Pagans Caught In The Twilight

Pagans Caught In The Twilight January 6, 2012

Sometimes you will find yourself reading something written long ago, perhaps 125 years ago, and find yourself suddenly struck by how very Pagan it is. Does that ever happen to you?

One of my favorite poets is Peggy Pond Church. She is magnificent, funny, brooding, cautious and ecstatic. Her voice changes from Cassandra to Baubo, and she is always deeply in love with the earth. I’ve loved her poetry for well over a decade, but my volume of her poetry has been packed away in a box for some time. I haven’t read her work in probably 3 years or more.

Sometimes it’s good to give poetry room to breathe so you come back to it fresh and taken with it’s beauty anew. And sometimes you find things you missed before:

The Woman Who Dwells

The woman who dwells at the place of healing by the river
sits singing and sings the shape of the gods from the four directions;
sings onto the horizon the four mountains where the gods dwell;
sings into the bare sky the small cloud moving in brightness;
sings into the bare earth the growing tip of the corn;
sings the river into a singing curve around her;
sings herself into the center of herself, alive and listening.
The woman who dwells in the place of healing by the river
stirs not from her place, goes not to the far mountains,
soars not into the high sky, enters not the deep earth;
sings as she draws into the sand the circle of healing;
sings the gods from the four directions into that circle;
sings the growing cloud into the reach of her own heart;
sings herself into the spear of the green corn growing.

Peggy Pond Church, 1939

Peggy was the daughter of a Rough Rider, born and raised in New Mexico. To my knowledge she never met Victor and Cora Anderson. She never encountered Feraferia. She was unaware of the Church of Aphrodite. I don’t have any reason to believe she was acquainted with the Golden Dawn, Thelema or the Rosicrucians. As far as I can tell, she had no knowledge of or interest in the modern Pagan movement.

Yet, in the same year that Gardner was likely coalescing whatever the hell he was actually up to in England, Peggy wrote this poem. Somehow she wrote this poem, which evokes Wicca in every line and image. How astounding is that?

A lot of her poetry evokes Pagan ideas and ideals. The above poem is not one I would count among her best. Perhaps her poem about Andromeda is my favorite, or the sonnet containing the line “I am shaped upon your shape like flesh on bone.”

When I first read her I was immersing myself in a lot of Goddess literature. Her poetry didn’t strike me as unusual because it was in the same vein as everything else I was reading at the time. Now, looking at her words and conjuring her images, her landscapes, I find myself checking and double-checking the dates on her poems. 40 years before Starhawk, 30 years before Z. Budapest, 5 years before Victor Anderson met Cora, this woman was weaving very modern Pagan themes into her poetry.

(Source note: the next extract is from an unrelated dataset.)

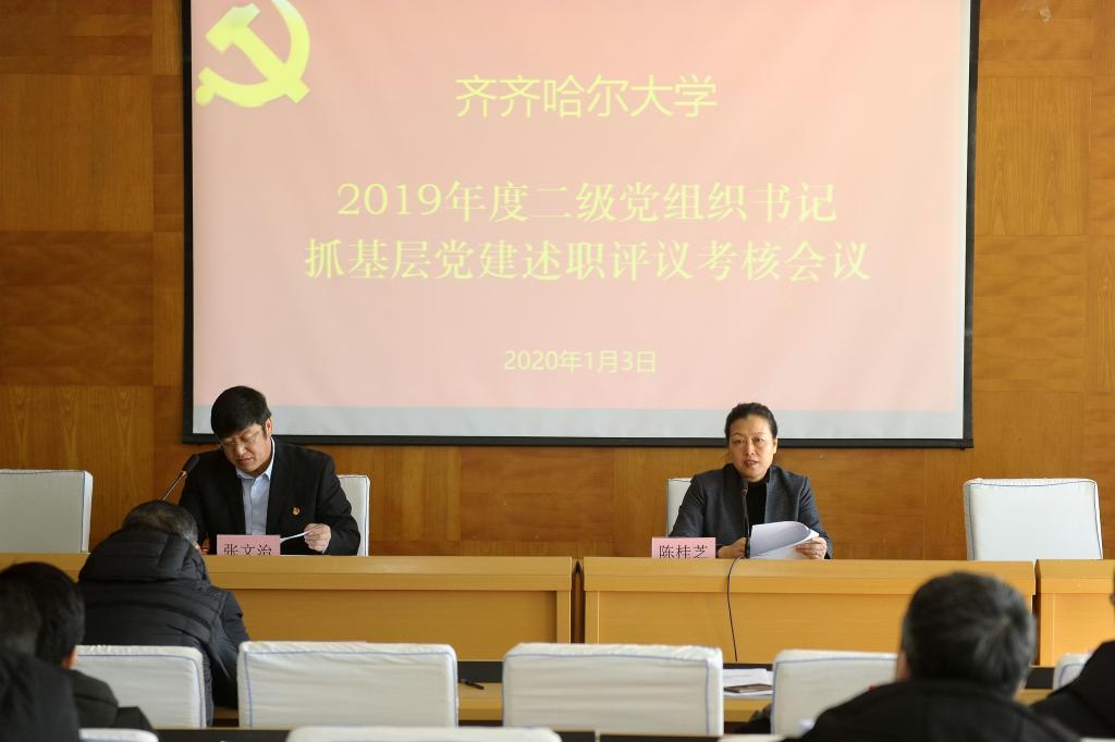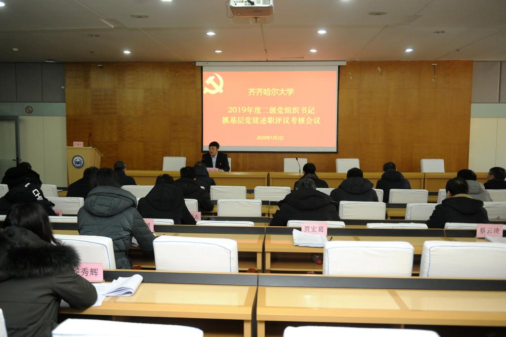 根据《中共黑龙江省委教育工作委员会关于做好2019年度高校党组织书记抓基层党建述职评议考核工作的通知》精神,按照学校党委《关于开展2019年度基层党组织书记抓基层党建述职评议考核工作的通知》安排,1月3日上午,学校在西区主楼学术报告厅召开了二级党组织书记抓基层党建述职评议会。校党委书记、校长陈桂芝与在校校领导出席会议,部分学校党委委员、纪委委员、“两代表一委员”和教师代表参加了述职评议会,会议由张文治主持。

Peggy didn’t identify as Pagan, and I can only guess from her writing that she was not a practicing Christian. It would be wrong to brand her as ours when she likely had no clue we existed. But it seems to me, that like Shelley and Byron, Peggy Pond Church is a Pagan caught in the twilight, that tantalizing and shadowy place between Julian and Gardner where nothing is what it seems.

The anthology I have is This Dancing Ground of Sky, and it’s available dirt cheap on Amazon Marketplace. I’d love for you to read through it and tell me what you think of it.